» YOUR TASK:
Below are the records; extract from them the line containing "Art.Nr.: 28-100458-teiliges Basissortiment" to the line containing "and uplifting 1664x2944", both lines included, exactly and with no pictures.

DATASET RECORDS below:

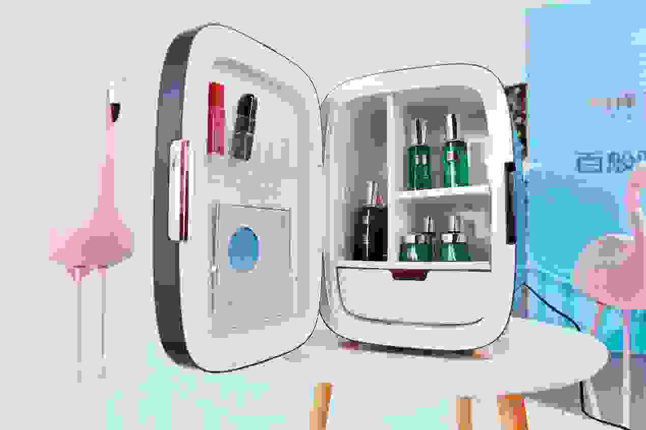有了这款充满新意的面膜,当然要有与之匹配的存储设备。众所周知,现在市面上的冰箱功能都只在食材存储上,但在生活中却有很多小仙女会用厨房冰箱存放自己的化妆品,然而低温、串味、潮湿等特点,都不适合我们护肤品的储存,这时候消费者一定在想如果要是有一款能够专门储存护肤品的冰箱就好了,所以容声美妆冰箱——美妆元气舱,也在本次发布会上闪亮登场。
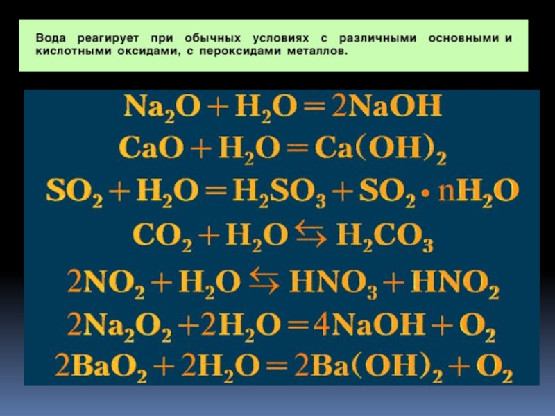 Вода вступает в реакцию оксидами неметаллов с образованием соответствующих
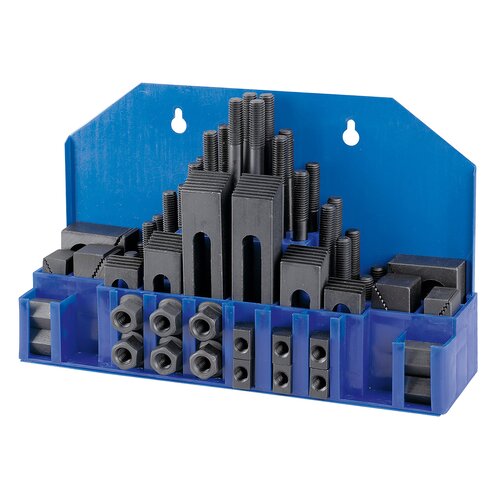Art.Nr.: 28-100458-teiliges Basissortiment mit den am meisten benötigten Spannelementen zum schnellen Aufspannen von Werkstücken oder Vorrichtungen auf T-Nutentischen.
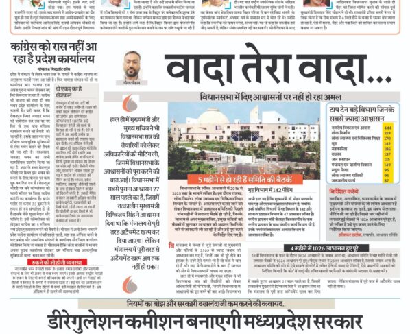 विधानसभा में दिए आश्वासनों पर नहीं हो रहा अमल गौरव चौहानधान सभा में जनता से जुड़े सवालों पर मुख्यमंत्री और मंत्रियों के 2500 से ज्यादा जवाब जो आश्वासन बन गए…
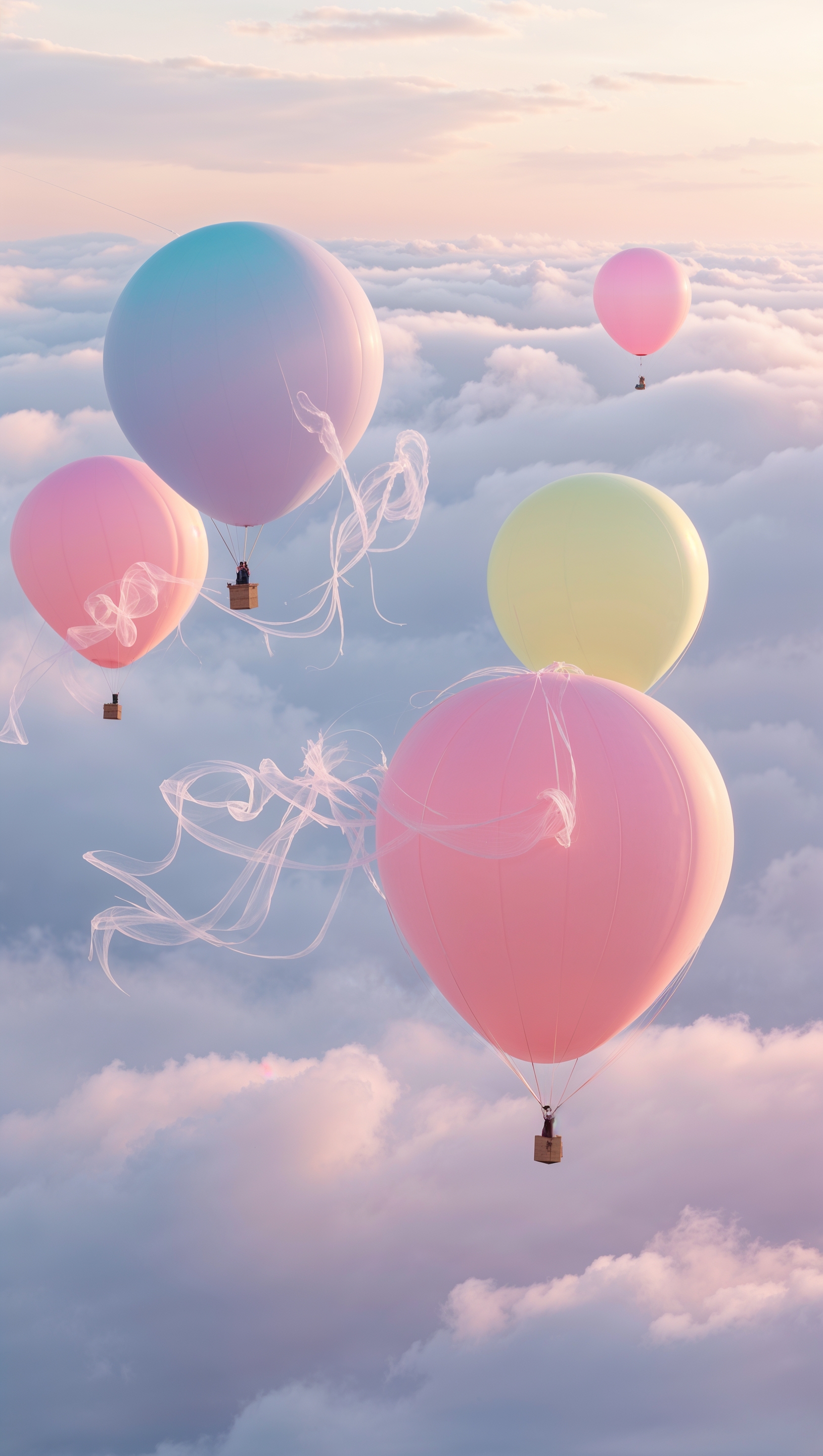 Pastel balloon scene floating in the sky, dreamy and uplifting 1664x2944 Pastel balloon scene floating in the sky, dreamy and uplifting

End of DATASET RECORDS.
DATASET RECORDS below:

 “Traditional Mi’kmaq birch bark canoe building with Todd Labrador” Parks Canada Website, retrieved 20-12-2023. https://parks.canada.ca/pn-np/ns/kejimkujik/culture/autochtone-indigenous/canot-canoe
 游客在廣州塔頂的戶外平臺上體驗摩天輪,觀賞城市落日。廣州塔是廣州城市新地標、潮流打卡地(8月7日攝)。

End of DATASET RECORDS.

» YOUR RESPONSE:
Art.Nr.: 28-100458-teiliges Basissortiment mit den am meisten benötigten Spannelementen zum schnellen Aufspannen von Werkstücken oder Vorrichtungen auf T-Nutentischen.
 विधानसभा में दिए आश्वासनों पर नहीं हो रहा अमल गौरव चौहानधान सभा में जनता से जुड़े सवालों पर मुख्यमंत्री और मंत्रियों के 2500 से ज्यादा जवाब जो आश्वासन बन गए…
 Pastel balloon scene floating in the sky, dreamy and uplifting 1664x2944 Pastel balloon scene floating in the sky, dreamy and uplifting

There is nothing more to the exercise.